Assume that Company A acquires 70 per cent of Company B for a cash price of $14 million when the share capital and reserves of Company B are:

Share capital

$8 million

Retained earnings

$2 million

$10 million

  1. What amount of goodwill will be shown in the consolidated statement of financial position pursuant to AASB 3 assuming that any non-controlling interest in the acquirer is measured at fair value? (1 marks)

  1. What amount of goodwill will be shown in the consolidated statement of financial position pursuant to AASB 3 assuming that any non-controlling interest in the acquirer is measured at the non-controlling interests proportionate share of the acquirees identifiable net assets? (1 marks)

  1. Pass the necessary consolidation journal entries and the journal entries to record the non-controlling interest if the non-controlling interest in the acquirer is measured at the non-controlling interests proportionate share of the acquirees identifiable net assets. (4 marks)

  1. What are some of the implications of allowing the group to have two options in accounting for goodwill on consolidation? (1 marks)
  2. Solution for 1 and 2
  3. A)
  4. Share capital and retained earns (total purchase consideration is transferred to both companies A and B only

    Goodwill = (non-controlling interest) /(interest of the parent) x purchase consideration

    = 30/70 x 14,000,000 = 6,000,000

    For share capital:

    8,000,000 in full goes to company B while.

    Company A

    8,000,000 x 70% = 5,600,000

    Non-controlling interest

    8,000,000 x 30% = 2,400,000

    For retained earnings:

    Company B gets $2,000,000 in full

    Company A get 2,000,000 x 70% = 1,400,000

    The non-controlling interest: 2,000,000 x 30% = 600,000

    Goodwill:

    Company B gets 6,000,000

    Company A get 6,000,000 x 70% =4,200,000 (rounded up)
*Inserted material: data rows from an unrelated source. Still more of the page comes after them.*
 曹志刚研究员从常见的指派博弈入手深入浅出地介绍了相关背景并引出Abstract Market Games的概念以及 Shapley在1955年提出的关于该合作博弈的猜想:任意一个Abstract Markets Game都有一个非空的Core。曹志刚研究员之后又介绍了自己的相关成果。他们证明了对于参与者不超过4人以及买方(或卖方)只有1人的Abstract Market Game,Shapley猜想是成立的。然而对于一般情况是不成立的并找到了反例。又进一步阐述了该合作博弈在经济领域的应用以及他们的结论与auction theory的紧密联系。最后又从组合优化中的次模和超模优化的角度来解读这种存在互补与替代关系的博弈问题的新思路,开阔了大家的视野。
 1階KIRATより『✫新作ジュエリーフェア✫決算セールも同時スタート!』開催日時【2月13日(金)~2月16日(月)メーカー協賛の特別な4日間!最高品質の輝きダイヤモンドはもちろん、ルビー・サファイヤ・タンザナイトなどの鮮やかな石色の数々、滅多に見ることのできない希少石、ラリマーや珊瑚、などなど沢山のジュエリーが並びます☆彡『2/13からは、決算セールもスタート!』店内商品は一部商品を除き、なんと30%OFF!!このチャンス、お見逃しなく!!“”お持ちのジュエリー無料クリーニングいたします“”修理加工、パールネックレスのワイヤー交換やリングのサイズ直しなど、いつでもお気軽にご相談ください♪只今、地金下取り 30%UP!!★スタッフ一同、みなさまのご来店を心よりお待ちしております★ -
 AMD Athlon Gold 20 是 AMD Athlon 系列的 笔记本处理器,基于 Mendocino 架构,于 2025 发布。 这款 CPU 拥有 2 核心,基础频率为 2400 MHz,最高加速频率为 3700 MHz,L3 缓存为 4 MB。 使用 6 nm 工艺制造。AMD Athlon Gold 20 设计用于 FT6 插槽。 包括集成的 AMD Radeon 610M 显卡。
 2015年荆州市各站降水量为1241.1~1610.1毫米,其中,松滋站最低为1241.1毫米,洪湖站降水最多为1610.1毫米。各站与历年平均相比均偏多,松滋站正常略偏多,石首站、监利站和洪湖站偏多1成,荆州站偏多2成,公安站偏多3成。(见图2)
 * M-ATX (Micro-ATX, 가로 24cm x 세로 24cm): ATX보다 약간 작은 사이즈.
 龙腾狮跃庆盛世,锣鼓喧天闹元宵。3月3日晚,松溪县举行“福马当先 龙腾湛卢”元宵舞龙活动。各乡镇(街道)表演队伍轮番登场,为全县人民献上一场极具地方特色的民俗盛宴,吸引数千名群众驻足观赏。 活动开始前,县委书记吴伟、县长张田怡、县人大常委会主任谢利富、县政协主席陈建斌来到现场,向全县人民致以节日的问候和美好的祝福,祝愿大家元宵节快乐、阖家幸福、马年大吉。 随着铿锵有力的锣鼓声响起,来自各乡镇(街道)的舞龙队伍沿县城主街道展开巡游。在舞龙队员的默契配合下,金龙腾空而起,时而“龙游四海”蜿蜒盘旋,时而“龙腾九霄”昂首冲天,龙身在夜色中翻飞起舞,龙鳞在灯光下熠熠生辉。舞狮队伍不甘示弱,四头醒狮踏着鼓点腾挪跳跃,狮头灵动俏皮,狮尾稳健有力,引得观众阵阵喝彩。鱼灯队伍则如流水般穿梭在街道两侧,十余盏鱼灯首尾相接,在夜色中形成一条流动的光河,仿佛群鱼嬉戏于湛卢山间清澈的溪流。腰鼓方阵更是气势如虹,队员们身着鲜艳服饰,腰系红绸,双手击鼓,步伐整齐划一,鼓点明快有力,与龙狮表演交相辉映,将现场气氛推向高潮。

    While the non-controlling interest 30%, which is 6,000,000 x 30% = 1,800,000

  5. B)

  6. Share capital:

    Company A

    8,000,000 x 100% = 8,000,000

    Company B

    8,000,000 x70% = 5,600,000

    Non-controlling interest:

    8,000,000 x 30% = $2,400,000

    Retained earnings:

    Company A

    2,000,000 x 100% = 2,000,000

    Company B:

    2,000,000 70% = 1,400,000

    Non-controlling interest:

    2,000,000 30% = 600,000

    Goodwill goes to Company A, the buyer of B

    Goodwill is now measured by (14,000,000 -5,600,000 1,400,000 = 7,000,000)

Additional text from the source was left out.